Below are the records; print exactly the lines from the one with "Famiware Dinnerware Sets" through the last, both included, and leave the pictures out.

SUPPLIED ENTRIES START

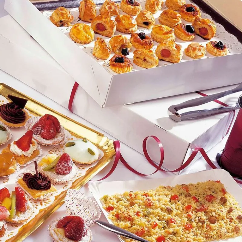 Ces boîtes traiteur blanches en carton de forme rectangulaire sont idéales pour emballer et transporter vos plateaux de mignardises, toasts et canapés.
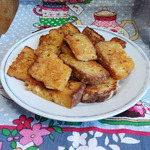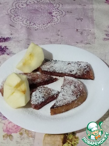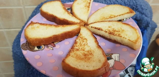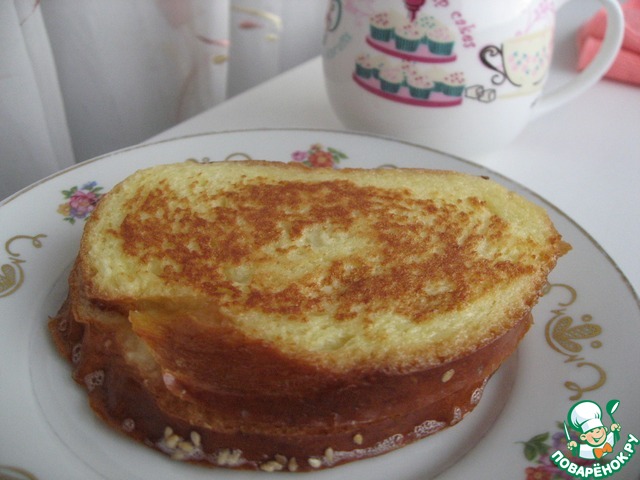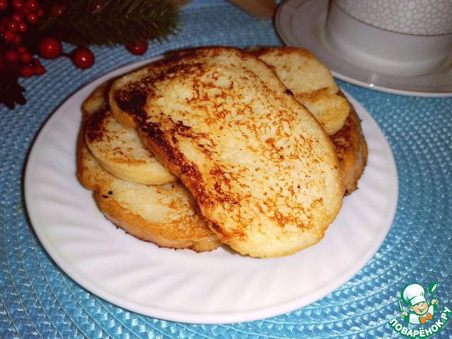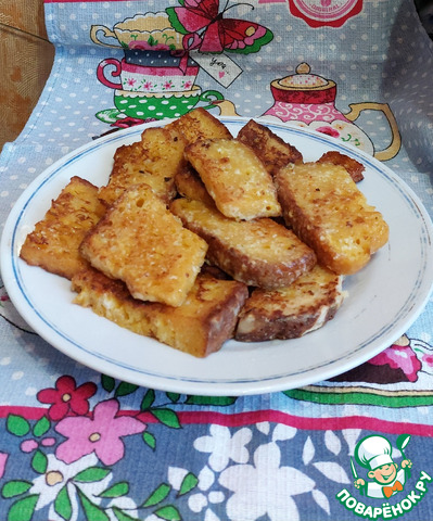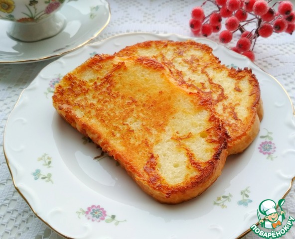 Окунуть батон в яично-молочную смесь и обжарить на растительном масле до образования золотистой корочки
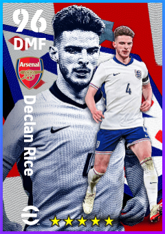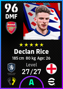 . Declan Rice is a Defensive Midfielder footballer from England who plays for Arsenal Fc in eFootball 2026.
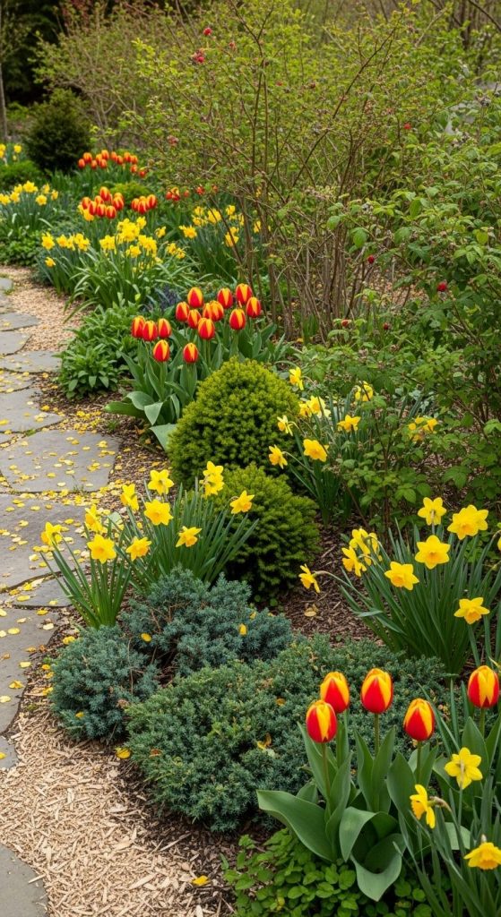 Cottage gardens don’t need to go dull in winter. Layer plants so something’s always happening — bulbs in spring, perennials in summer, berries in fall, and evergreens in winter.
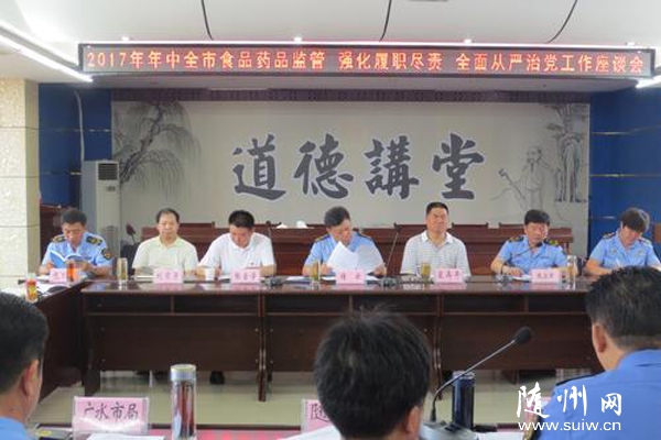 随州网讯 7月18日,随州市食药监局召开 2017年年中食品药品监督管理、强化履职尽责、全面从严治党工作座谈会,总结交流上半年工作经验,研究部署下半年工作,确保各项工作取得好成绩。(通讯员 李朝俊 摄)
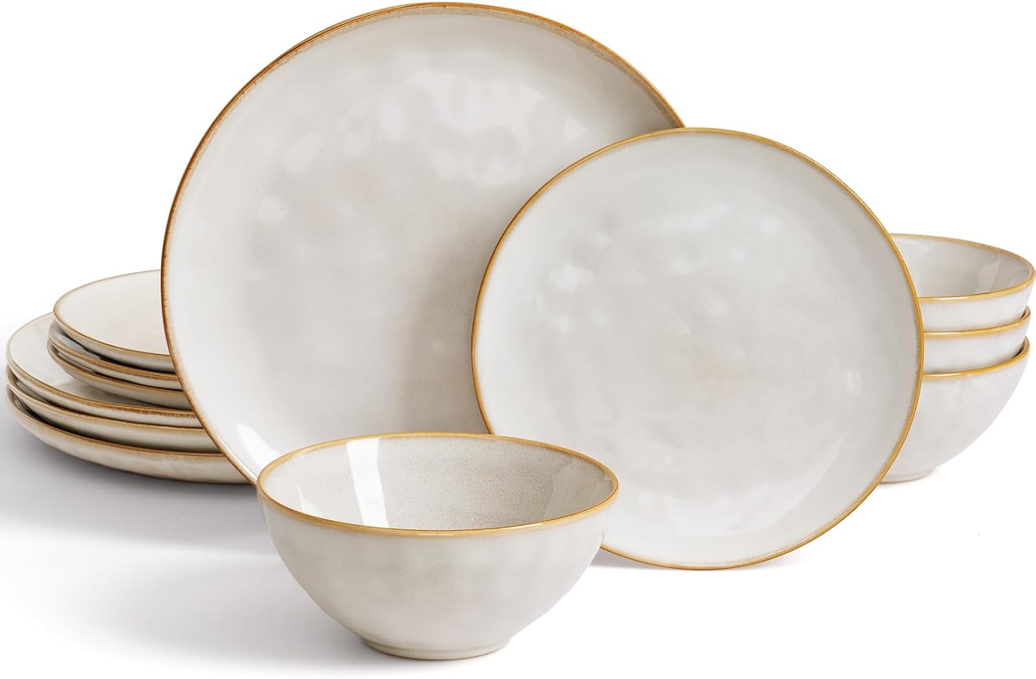 Famiware Dinnerware Sets for 4, Ocean Round 12-Piece Kitchen Plates and Bowls Sets, Reactive Glaze, Microwave and Dishwasher Safe, Scratch Resistant, Cappuccino White
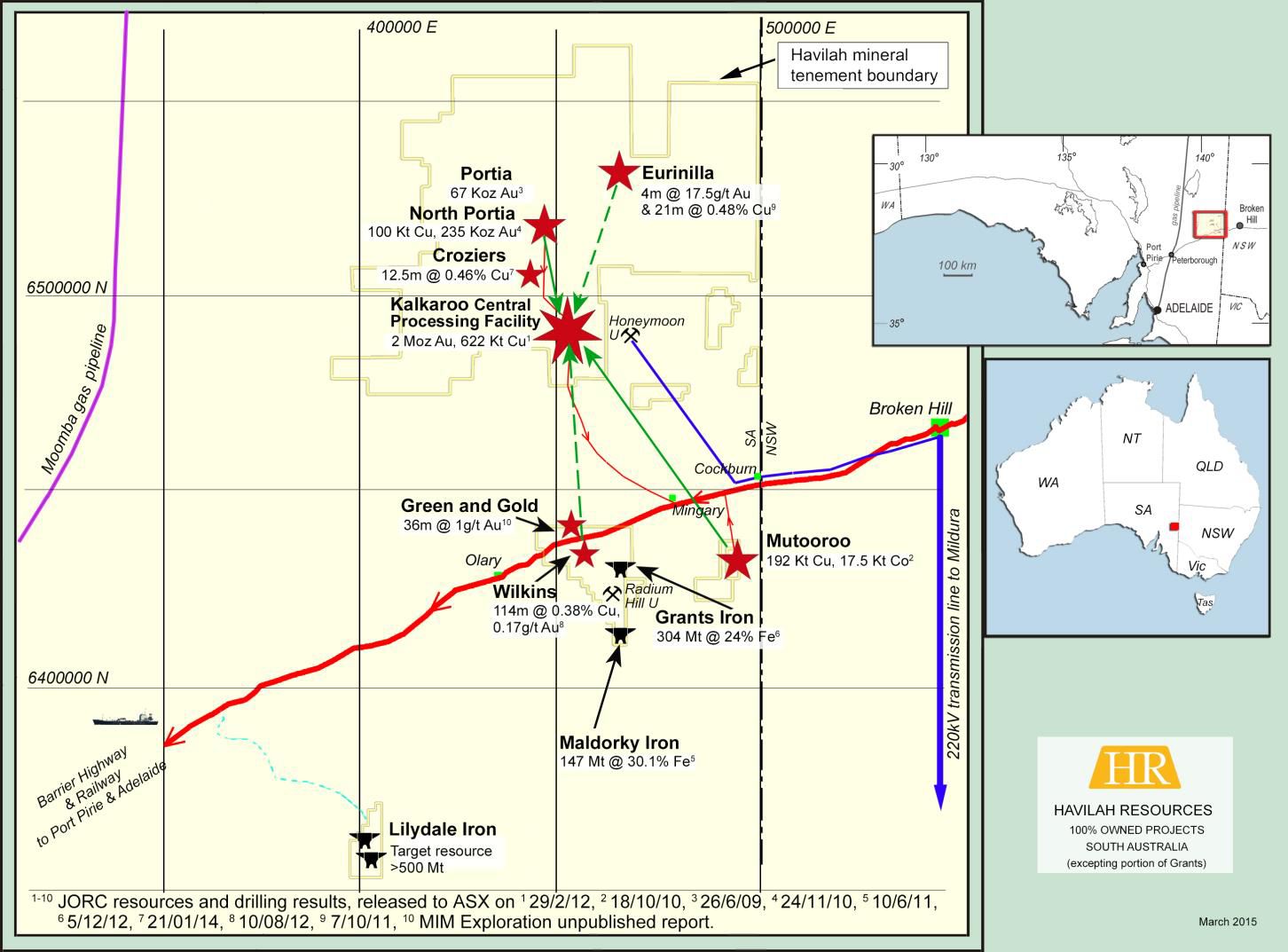 Havilah has formulated a staged conceptual strategy for exploiting its cobalt resources in conjunction with copper production, in accordance with the Company's previously stated objective of monetising its multi-metal project portfolio. This will commence with the Mutooroo deposit as shown on the attached diagram and outlined below :

SUPPLIED ENTRIES END

SOLUTION FOR THIS TASK:
 Famiware Dinnerware Sets for 4, Ocean Round 12-Piece Kitchen Plates and Bowls Sets, Reactive Glaze, Microwave and Dishwasher Safe, Scratch Resistant, Cappuccino White
 Havilah has formulated a staged conceptual strategy for exploiting its cobalt resources in conjunction with copper production, in accordance with the Company's previously stated objective of monetising its multi-metal project portfolio. This will commence with the Mutooroo deposit as shown on the attached diagram and outlined below :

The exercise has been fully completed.